Effects of acute and repeated administration of escitalopram and FAAH inhibitor on the level of endocannabinoids and endocannabinoid-like molecules in different rat brain structures

Irena Smaga1, Beata Bystrowska1, Irmina Turek1, Małgorzata Filip1,2. 1Department of Toxicology, Faculty of Pharmacy, Jagiellonian University, Medical College, Kraków, Poland, 2Laboratory of Drug Addiction Pharmacology, Department of Pharmacology, Institute of Pharmacology, Polish Academy of Sciences, Kraków, Poland

Depression as one of the major lifestyle diseases of the twenty-first century is a serious therapeutic problem in modern pharmacotherapy. In recent years there has been highlighted the potential participation of the endocannabinoid system in the pathogenesis of depression and in the action of antidepressants.

The aim of this study was to investigate the effect of the clinically effective antidepressant escitalopram (ESC, funded by Lundbeck) and of the fatty acid amide hydrolase (FAAH) inhibitor (URB597), showing antidepressant activity in preclinical studies, on the level of endocannabinoids anandamide (AEA) and 2-arachidonylglicerole (2-AG) as well as of endocannabinoid-like molecules palmitoylethanolamide (PEA) and oleoylethanolamide (OEA) in different rat brain structures.

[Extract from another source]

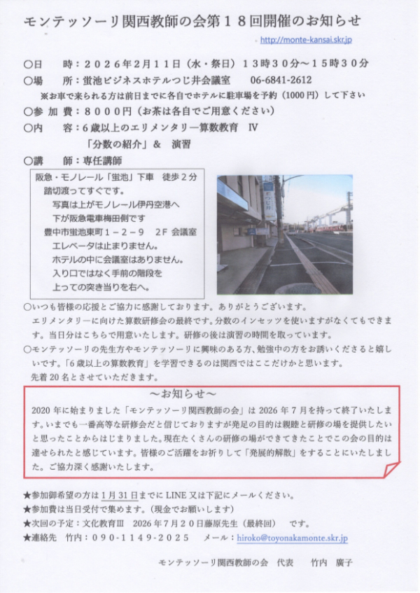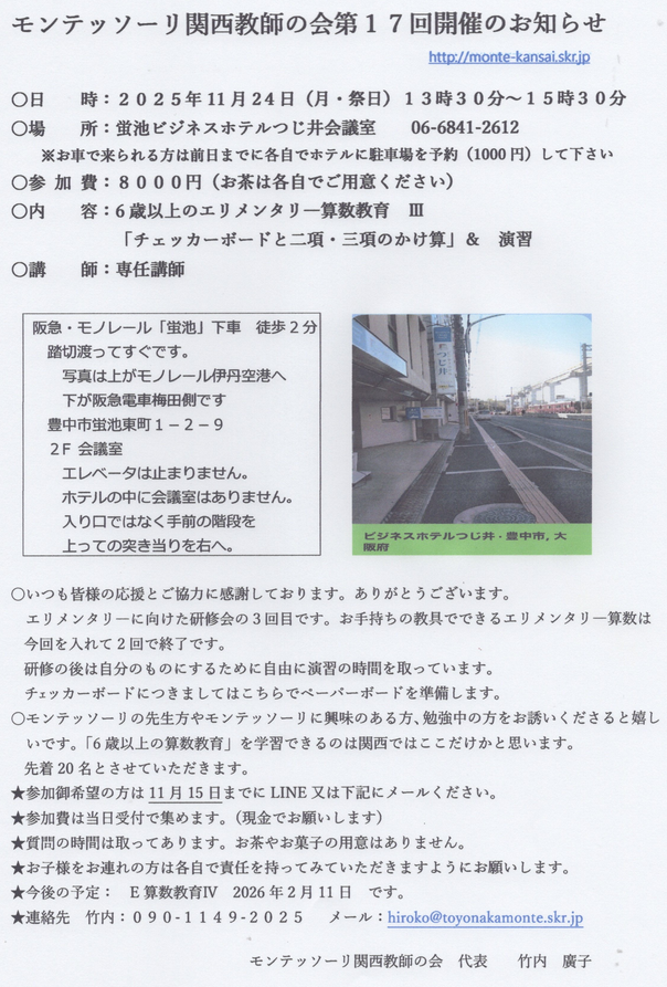 連絡先 豊中モンテッソーリ研究所 竹内廣子

Male Wistar rats received vehicle or drugs intraperitoneally (ESC, 10 mg/kg, or URB597, 0.3 mg/kg) for 14 days or only acutely on day 14th followed by 13 days of vehicle injections. ESC was dissolved in sterile 0.9% NaCl (pH of an ESC solution has been neutralized with 10% NaOH solution). URB597 was dissolved in 2-3 drops of ethanol and diluted as required in a 1% aqueus solution Tween 80. N=8 rats/group. Twenty four hours after the last injections the animals were decapitated and the tissue levels of lipid-based molecules were determined with using the liquid chromatography mass spectrometry. Data were analyzed by using one-way ANOVA followed by the Dunnett’s test.

Administered acutely ESC resulted in decreased levels of 2-AG (p<0.05), PEA (p<0.001) and OEA (p<0.01) in the frontal cortex and of OEA (p<0.05) and PEA (p<0.01) in the cerebellum while PEA levels (p<0.05) in the hippocampus were increased. Single administration of URB597 increased the striatal 2-AG (p<0.05) levels and decreased PEA (p<0.01) and OEA (p<0.05) levels in the hippocampus. On the other hand, chronic administration of either ESC or URB597 resulted in paralleled increases in levels of AEA (p<0.05) and of 2-AG (p<0.05) in the hippocampus and dorsal striatum while enhancement in PEA levels in the hippocampus (p<0.001) was detected following ESC or in the prefrontal cortex (p<0.001) and cerebellum (p<0.05) following URB597. At the same time, chronic ESC decreased 2-AG, OEA or PEA levels in the cortical structures (2-AG and OEA: p<0.01; PEA: p<0.001) and cerebellum (2-AG: p<0.05; OEA and PEA: p<0.001) and chronic URB597 reduced 2-AG levels (p<0.05) in the frontal cortex and PEA/OEA levels (PEA: p<0.01; OEA: p<0.05) in the hippocampus.

Our present data, showing increased levels of AEA and of 2-AG in the hippocampus and dorsal striatum, together with recent observation on imipramine (Smaga et al., Pharmacol. Rep., 2011), give rise to the endocannabinoid hypothesis of depression.

Acknowledgements: This study was supported by the research grant UMO-2012/05/B/NZ7/02589 from the National Science Centre, Kraków, Poland.